Carew studied Will as a man contemplates the leanest ewe at market. This little performance would do little to aid his promoted “fever”, but Will’s mouth often made decisions before his true desires were aware they’d been captured, bound, and overboarded.
‘Same ‘ere,’ interjected a gruff baritone. Ferguson, the whore’s mistake, stepped beside Will. ‘We work for air and exercise. Spare hands should the waters get rough.’
Carew considered the pair of them, stroking non-existent whiskers. He nodded. ‘You’ll be one less iron, to move about more freely. The other stays on.’
The lieutenant waved for a sentry to complete the instruction and withdrew to the quarterdeck. He was greeted by a lovely woman in puffy skirts, and two children still south of their schooling years. They jumped with eagerness as their father approached.
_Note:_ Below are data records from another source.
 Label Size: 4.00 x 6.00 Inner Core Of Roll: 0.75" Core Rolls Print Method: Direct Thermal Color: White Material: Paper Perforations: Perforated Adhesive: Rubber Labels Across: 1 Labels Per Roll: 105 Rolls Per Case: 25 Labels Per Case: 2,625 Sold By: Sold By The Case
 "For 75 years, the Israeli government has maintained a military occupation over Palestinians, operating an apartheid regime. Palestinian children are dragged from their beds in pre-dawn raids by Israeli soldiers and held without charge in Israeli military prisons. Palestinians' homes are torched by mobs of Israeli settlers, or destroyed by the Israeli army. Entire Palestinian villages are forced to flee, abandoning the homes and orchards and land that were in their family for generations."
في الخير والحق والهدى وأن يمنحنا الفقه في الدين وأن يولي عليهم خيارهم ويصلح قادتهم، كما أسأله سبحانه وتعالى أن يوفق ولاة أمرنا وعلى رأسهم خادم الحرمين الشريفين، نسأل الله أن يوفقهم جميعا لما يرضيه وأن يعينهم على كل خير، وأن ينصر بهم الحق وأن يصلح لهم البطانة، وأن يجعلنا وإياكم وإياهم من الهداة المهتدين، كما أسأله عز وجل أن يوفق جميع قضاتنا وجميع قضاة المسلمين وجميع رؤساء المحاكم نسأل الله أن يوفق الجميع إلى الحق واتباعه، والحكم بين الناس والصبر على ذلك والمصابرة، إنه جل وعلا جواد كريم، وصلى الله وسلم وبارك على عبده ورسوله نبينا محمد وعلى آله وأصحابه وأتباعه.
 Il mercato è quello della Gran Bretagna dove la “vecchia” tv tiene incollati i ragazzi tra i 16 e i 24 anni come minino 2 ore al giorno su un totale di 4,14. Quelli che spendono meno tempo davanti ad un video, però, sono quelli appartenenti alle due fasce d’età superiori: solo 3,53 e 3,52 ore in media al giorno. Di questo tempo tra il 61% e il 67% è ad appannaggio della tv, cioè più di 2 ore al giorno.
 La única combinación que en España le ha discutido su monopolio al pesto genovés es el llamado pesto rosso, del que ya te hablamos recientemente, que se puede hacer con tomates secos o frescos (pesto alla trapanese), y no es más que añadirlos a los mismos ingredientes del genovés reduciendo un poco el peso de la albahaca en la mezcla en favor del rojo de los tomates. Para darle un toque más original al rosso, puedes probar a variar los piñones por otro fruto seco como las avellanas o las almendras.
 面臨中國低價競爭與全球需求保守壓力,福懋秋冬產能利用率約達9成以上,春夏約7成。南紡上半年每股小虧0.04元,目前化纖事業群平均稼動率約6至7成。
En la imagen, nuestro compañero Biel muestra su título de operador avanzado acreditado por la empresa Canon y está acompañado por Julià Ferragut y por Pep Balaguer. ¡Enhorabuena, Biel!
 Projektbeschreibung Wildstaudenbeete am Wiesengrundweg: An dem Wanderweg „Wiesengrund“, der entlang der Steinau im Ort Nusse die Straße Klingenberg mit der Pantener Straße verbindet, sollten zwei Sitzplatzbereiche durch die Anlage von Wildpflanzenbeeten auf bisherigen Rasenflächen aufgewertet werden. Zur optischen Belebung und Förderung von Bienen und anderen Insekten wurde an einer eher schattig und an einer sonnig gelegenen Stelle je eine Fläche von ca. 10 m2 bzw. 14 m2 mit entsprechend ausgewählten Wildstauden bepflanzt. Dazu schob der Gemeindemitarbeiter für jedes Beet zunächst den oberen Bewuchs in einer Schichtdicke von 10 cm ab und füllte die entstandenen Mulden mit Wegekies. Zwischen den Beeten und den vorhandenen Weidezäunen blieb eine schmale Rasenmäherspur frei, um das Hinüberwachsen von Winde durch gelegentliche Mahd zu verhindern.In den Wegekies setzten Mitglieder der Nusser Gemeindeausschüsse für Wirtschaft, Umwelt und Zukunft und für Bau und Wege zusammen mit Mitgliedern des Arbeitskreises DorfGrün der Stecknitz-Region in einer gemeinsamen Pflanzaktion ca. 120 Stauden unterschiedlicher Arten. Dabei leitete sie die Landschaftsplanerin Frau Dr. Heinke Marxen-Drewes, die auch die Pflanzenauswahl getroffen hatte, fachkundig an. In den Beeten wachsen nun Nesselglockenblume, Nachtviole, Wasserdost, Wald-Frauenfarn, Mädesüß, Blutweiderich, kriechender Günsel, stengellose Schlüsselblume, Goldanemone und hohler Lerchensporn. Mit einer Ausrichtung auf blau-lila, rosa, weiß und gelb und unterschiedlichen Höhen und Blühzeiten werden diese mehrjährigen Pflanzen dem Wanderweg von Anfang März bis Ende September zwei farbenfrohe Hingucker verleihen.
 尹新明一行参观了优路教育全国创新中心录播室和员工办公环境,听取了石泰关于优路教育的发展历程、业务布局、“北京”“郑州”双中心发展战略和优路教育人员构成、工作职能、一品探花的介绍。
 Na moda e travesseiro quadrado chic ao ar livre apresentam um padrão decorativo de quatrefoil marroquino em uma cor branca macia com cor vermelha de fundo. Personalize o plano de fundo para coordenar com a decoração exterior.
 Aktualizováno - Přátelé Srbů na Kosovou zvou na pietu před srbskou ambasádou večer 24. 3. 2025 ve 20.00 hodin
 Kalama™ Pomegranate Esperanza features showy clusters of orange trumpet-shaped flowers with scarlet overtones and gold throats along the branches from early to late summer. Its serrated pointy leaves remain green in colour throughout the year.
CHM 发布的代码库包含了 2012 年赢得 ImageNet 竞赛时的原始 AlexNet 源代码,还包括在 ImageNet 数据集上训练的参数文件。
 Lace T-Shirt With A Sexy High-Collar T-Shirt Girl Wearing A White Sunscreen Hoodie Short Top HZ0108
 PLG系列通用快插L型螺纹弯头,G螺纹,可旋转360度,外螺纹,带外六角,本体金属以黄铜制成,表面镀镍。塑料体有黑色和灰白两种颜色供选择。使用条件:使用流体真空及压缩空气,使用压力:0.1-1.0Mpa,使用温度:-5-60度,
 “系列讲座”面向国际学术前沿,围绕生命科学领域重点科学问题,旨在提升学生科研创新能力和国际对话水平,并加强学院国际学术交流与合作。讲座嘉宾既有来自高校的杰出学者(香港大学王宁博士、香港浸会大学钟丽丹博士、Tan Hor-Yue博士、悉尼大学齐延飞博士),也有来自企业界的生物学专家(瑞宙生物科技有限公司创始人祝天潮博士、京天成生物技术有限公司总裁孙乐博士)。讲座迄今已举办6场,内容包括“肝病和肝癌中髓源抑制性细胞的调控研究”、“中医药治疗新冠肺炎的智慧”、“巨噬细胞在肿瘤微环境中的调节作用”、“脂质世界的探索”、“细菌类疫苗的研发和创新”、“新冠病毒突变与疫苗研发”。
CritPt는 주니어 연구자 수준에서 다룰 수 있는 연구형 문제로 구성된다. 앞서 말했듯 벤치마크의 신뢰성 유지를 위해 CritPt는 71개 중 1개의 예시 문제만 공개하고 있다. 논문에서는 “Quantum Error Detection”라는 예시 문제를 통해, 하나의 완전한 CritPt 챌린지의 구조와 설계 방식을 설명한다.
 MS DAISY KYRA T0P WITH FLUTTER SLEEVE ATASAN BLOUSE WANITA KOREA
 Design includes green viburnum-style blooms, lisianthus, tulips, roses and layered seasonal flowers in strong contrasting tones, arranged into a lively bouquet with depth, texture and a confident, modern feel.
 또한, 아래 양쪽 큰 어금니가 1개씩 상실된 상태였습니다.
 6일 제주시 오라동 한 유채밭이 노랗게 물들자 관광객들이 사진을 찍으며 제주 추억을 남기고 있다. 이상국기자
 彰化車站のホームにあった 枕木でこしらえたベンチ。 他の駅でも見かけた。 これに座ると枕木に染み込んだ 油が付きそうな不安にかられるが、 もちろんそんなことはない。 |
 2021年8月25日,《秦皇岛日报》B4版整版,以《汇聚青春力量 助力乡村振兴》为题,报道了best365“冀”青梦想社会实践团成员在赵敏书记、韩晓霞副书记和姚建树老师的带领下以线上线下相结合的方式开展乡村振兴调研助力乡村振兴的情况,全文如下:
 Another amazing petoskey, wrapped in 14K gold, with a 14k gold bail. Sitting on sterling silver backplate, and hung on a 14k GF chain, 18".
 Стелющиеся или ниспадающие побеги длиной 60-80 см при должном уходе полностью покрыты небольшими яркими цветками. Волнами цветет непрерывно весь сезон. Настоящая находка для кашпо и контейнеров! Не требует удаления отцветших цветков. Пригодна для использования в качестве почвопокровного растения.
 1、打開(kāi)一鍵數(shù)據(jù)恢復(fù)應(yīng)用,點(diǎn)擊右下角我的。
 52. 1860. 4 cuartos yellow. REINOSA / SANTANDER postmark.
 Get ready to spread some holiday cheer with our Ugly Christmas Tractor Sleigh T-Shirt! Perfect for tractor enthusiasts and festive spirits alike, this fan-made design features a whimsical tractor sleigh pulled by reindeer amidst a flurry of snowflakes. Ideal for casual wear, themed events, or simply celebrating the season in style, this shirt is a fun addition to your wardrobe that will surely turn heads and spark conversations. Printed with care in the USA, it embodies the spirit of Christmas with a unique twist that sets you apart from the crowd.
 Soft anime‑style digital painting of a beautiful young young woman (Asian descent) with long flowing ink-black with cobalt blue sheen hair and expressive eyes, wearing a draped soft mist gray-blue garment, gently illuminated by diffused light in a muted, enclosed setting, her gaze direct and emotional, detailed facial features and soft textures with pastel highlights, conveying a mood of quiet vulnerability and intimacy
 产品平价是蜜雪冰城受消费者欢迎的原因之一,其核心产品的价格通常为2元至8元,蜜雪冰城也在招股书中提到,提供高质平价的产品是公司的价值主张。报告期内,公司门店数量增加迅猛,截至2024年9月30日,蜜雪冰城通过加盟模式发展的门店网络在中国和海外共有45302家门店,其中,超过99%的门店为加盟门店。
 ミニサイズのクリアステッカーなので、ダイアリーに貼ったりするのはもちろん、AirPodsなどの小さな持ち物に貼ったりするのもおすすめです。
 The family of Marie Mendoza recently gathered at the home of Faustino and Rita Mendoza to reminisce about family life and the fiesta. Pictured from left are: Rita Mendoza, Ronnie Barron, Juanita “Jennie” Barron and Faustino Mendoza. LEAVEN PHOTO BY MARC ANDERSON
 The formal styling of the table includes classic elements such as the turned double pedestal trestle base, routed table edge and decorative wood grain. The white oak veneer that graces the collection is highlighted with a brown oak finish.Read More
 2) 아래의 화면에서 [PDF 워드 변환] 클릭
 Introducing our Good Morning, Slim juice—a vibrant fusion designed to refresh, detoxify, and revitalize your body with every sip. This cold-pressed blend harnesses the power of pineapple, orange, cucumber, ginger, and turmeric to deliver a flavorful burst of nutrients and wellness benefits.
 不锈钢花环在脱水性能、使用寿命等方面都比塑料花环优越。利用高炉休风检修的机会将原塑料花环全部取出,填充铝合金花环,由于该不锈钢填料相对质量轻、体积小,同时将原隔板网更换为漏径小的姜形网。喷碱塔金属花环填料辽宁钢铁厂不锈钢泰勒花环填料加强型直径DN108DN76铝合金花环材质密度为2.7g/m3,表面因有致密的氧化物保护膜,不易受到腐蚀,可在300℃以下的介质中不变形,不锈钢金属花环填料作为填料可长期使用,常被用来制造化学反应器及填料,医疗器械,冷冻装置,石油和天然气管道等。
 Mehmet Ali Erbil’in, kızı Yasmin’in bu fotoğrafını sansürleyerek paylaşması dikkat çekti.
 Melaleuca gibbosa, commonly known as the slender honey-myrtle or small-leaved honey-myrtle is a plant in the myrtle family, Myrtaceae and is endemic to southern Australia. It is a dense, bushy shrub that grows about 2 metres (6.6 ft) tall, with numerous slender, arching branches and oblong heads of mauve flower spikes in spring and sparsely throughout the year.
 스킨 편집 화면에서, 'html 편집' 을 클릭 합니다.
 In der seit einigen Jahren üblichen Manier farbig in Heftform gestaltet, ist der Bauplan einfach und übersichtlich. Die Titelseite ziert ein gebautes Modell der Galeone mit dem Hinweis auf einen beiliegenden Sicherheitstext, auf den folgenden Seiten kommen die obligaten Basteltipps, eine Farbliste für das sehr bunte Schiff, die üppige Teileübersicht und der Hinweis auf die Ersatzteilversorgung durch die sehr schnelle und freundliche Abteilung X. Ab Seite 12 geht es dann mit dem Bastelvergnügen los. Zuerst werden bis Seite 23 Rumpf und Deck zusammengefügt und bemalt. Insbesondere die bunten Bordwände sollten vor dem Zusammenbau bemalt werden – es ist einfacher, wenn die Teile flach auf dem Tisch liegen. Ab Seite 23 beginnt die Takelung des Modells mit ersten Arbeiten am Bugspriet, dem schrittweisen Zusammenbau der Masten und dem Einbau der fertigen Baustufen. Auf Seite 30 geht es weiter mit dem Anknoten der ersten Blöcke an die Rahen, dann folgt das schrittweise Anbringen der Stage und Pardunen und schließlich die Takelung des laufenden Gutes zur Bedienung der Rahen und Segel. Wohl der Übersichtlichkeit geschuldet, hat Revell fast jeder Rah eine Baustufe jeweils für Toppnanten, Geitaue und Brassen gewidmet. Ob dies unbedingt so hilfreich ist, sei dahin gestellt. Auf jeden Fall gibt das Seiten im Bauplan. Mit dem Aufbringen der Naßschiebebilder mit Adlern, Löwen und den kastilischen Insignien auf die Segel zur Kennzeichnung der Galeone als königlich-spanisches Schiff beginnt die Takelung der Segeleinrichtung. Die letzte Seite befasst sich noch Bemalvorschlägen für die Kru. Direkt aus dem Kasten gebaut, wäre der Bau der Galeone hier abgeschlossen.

The sight of the family wrenched at Will’s nerves. It twisted his heart until he was forced to look away, left to wonder if his own children still remembered him. Was there a worse fate, than to no longer exist in the minds of others? Not that Will was a stranger to unwant and unlove. Long-ago sunken memories of his parents burbled to the surface.
Ferguson’s sour voice recalled him to the present.
‘I’m not lettin’ you out of pokin’ distance, Swallow.’
He looked to Ferguson: and was chastened by how far up he had to look to meet the man’s features. Will was used to being a tall man among his peers, often to his detriment. The affliction caused him to stand out in the memories of people who on their best day, usually retained fine details like cheese graters retained water.